Optimizing SWE-agent Evaluation Pipelines——2026.02.02
📝 Technical Daily: SWE-agent Evaluation Post-Mortem & Optimization
Date: February 2, 2026
1. Progress & Root Cause Analysis (RCA)
- Storage & Environment Bottlenecks: * The evaluation endpoint’s 600GB storage reached capacity due to accumulated, uncleared Docker images, causing the task to crash at instance #298.
- Lessons Learned: While an additional 800GB was mounted, the default Docker root directory remained on the primary partition. Combined with Docker Hub rate-limiting and RunPod node instability, this led to multiple execution failures.
- Compute Resource Tuning: * Experimented with both NVIDIA RTX 4090 and A6000. Although the A6000 offers superior VRAM, improper parameter configuration resulted in sub-optimal performance. I have temporarily reverted to the 4090 to maintain a stable baseline.

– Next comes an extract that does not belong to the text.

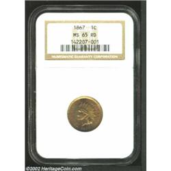 1867 1C MS65 Red NGC. Even though 9.8 million pieces were struck of this issue, it remains very elus

- Current Status: * After overnight debugging, I successfully completed a full inference pass.
- Throughput: 29 instances submitted during the SWE-agent inference phase (~9.7% submission rate).
2. Key Findings & Evaluation Metrics
- Evaluation Pipeline: Confirmed that SWE-agent does not trigger automatic evaluation by default (online evaluation requires explicit activation). I have now successfully established a local evaluation pipeline to bypass external dependencies.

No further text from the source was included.